Bas saksafon: Bas saksafon tenor saksafonundan daha yuksek bir ses cıkarır. Populer bariton saksafondan bile daha buyuk olan saksafon ailesinin en buyuk uyelerinden biri olarak kabul edilir. Bu saksafonun gecmişi, Adolphe Sax’ın 1841 yılında Bruksel’deki bir sergide sunmasından dolayı 1800’lu yıllara dayanmaktadır. B duzluğunde B anahtarının icinde calındığı anlamına gelmektedir. Gunumuzde, bas saksafonu yaygın olarak kullanılan bir enstruman değildir, ancak birkac saksafon korosunda, 1920’li yılların caz kayıtlarında ve hatta bedava cazlarda kullanıldığını gorulmuştur. Ayrıca genellikle konser gruplarında, ancak nadiren orkestra muziğinde kullanılmaktadır.
Kontrbas saksafon: Kontrbas saksafon en buyuk saksafon turlerinden biridir ve bariton saksafonunun iki katı uzunluğundadır. Aynı zaman da saksafon ailesinin en duşuk ikinci kademe uyesidir. Bariton saksafonun ses bakımından bir oktavı olmasına rağmen, inanılmaz derecede ağırdır ve yaklaşık 45 kilo ağırlığındadır. Kontrbas saksafon, E duz anahtarında calınır ve sık sık bir omur boyu saksafonda olarak adlandırılır. Ortalama bir insandan daha uzun durur, yaklaşık 6 fit 4 inc yuksekliğe ulaşır ve mukemmel bir zarafeti vardır.
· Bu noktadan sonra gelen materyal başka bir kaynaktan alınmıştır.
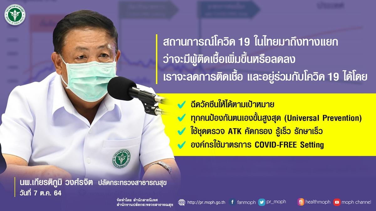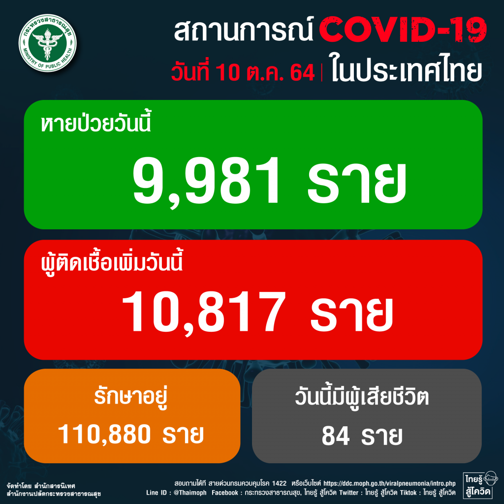 วันนี้ (10 ตุลาคม 2564) นพ.เกียรติภูมิ วงศ์รจิต ปลัดกระทรวงสาธารณสุข ให้สัมภาษณ์ว่า วันนี้มีผู้ป่วยโควิด-19 หายป่วยกลับบ้านได้ 9,981 ราย หายป่วยสะสม 1,554,887 ราย ติดเชื้อรายใหม่ 10,817 ราย อยู่ระหว่างการรักษา 110,880 ราย และเสียชีวิต 84 ราย ภาพรวมในขณะนี้แนวโน้มทรงตัว บางพื้นที่พบการระบาดเป็นกลุ่มก้อนจากการรวมกลุ่มทำกิจกรรม อาทิ งานสังสรรค์ งานศพ รวมถึงยังพบการติดเชื้อในโรงงาน สถานประกอบการ แคมป์ก่อสร้าง สถานที่ดูแลกลุ่มเปราะบาง และกลุ่มแรงงานต่างด้าว ขณะที่บางพื้นที่สถานการณ์เริ่มดีขึ้น พบผู้ติดเชื้อประปรายและสามารถควบคุมได้ รัฐบาลจึงมีแนวทางที่จะเปิดกิจการ กิจกรรม และเปิดพื้นที่รับนักท่องเที่ยว เพื่อสร้างรายได้ในชุมชนและขับเคลื่อนเศรษฐกิจประเทศมากขึ้น

Bu saksafon sadece etkileyici gorunumuyle kalmaz, aynı zamanda zarif, zengin bir ton uretir ve zarif bir akustik varlık sergiler. Bununla birlikte, ton, melodik, yumuşaktan sert ve sert seviyelere kadar değişebilmektedir ve ayrıca kullanıcının nasıl kullandığına bağlı olarak değişmektedir. Son zamanlarda, kontrbas saksafoncularının sayısında onemli bir artış vardır, oda muziği ve solo muzik literaturunde kesin bir artışa yol acmıştır. Bu saksafon, ozellikle aşırı veya eterik bir tonu arayan nefesli calıcılar arasında da unludur.
Subkontrbas saksafon: Diğer saksafonların aksine, subkontrbas saksafonu Adolphe Sax’ın inşa etmeyi planladığı, ancak yapımını hic bulamadığı bir yer. Bu saksafon B duz anahtarında oynayan bir transposing aletidir. Subkontrbas saksafonu, bas saksafonunun altında bir oktav ve tenor saksafonunun altında iki oktav olan sesler uretmektedir.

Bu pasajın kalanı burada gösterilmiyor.